By default, loguru has a sink to `stderr` enabled. If your application also uses loguru, library logs appear in your configured sinks automatically.
### Suppress library logs
```python
from loguru import logger
logger.disable("planetarytime")
```
### Filter by level
```python
from loguru import logger
import sys
logger.add(sys.stderr, filter={"planetarytime": "WARNING"})
```
## Refreshing data
Rotation periods, orbital periods, and discovery/contact dates are stored in [`src/planetarytime/_data.py`](src/planetarytime/_data.py).

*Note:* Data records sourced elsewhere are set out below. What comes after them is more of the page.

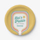Add these fun paper plates to your next pickleball party. Design features a retro stripe outline of a Pickleball Paddle and the words "Let's Pickle" in a fun font. Easily add your custom text - player's name, pickleball club/tournament name, etc. Great for an adult or kid's pickleball birthday party, girl's or guy's pickle gathering, pickleball club special event or everyday fun. Let's Play - the best sport ever!!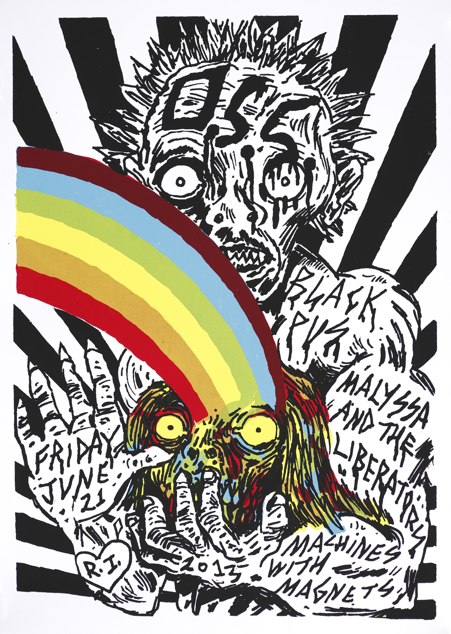 4 color silkscreen. 24"H x 17"W. Numbered edition of 50. This is a show poster, bands include Black Pus, Olneyville Sound System and Malyssa and the Liberators. Printed in June 2013. Designed and handprinted by Brian Chippendale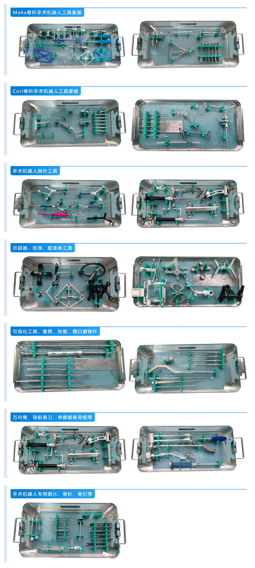 良医医疗的展台是这一变化的注脚之一。这家2020 年成立、专注骨科手术机器人器械设计与精密制造的企业,携旗下控股公司爱匠医疗,带来了骨科创新手术工具、手术机器人工具、骨科手术机器人动力系统、手术动力系统四大核心产品线,也带来了这个上游细分赛道一个值得观察的样本。这是良医此次CMEF 展示中最具看点的一条产品线。依托智能化设计,良医的手术机器人工具覆盖示踪器、校准/配准工具、可视化工具、套筒、丝锥、髋臼磨锉杆、万向臂、导航骨刀、单髁截骨导板,以及手术机器人专用锯片、骨针、骨钉等完整品类,并推出了Moka 骨科手术机器人工具套装和Cori 骨科手术机器人工具套装两个拳头产品,对应Stryker Mako 和 Smith & Nephew Cori 两大国际主流骨科手术机器人平台的配套工具开发。这一产品线的意义不在单件工具,而在"完整性"——从末端执行工具到精密配件的跨度,对应的是整机厂"一台手术机器人从装机到使用全流程的非整机部件需求"。良医的切入策略不是单点突破,而是全品类覆盖。产品采用医用级不锈钢或合金材质,一次性与重复消毒双模式可选,这也是针对不同临床场景与医院成本模型的现实适配。2. 骨科手术机器人动力系统——参数层面的高端对标动力系统是四大产品线中技术门槛最高、最值得放大的一块。爱匠医疗带来的骨科手术机器人动力系统,作为手术机器人的核心动力单元,搭载医用级无刷电机,闭环恒速控制确保负载波动<±2%,扭矩输出稳定且响应速度<0.01 秒,内置多重安全防护机制,低震低噪设计减少组织损伤。负载波动<±2%:意味着机械臂在面对不同骨质密度(皮质骨与松质骨差异巨大)时,截骨面的切削质量可以保持相对一致,这对关节置换中截骨平面的平整度有直接影响响应速度<0.01 秒:意味着当机械臂接收到急停指令时,动力输出可同步切断,这是手术机器人安全裕度的重要组成部分长期以来,骨科手术机器人的动力系统被国外头部企业主导。国内企业在传统手持式骨动力领域有所积累,但"机械臂驱动式动力系统"是一个相对独立的新赛道,国产化窗口才刚刚打开。从披露参数看,爱匠医疗的这套动力系统达到了行业主流水平,是目前国产阵营中少数明确面向手术机器人配套开发的动力产品之一。骨科基础手术工具是良医的"底盘业务",也是其临床资源最集中的一块。这一产品线联袂国内顶尖关节外科团队联合开发,推出:- DAA-FCL 手术器械九件套(直接前入路全髋置换)

To regenerate this file from Wikidata:
```bash
python scripts/refresh_data.py # fetch and write _data.py
python scripts/refresh_data.py --dry-run # preview without writing
```
The script requires only the Python standard library. Run your test suite afterwards to verify the updated values.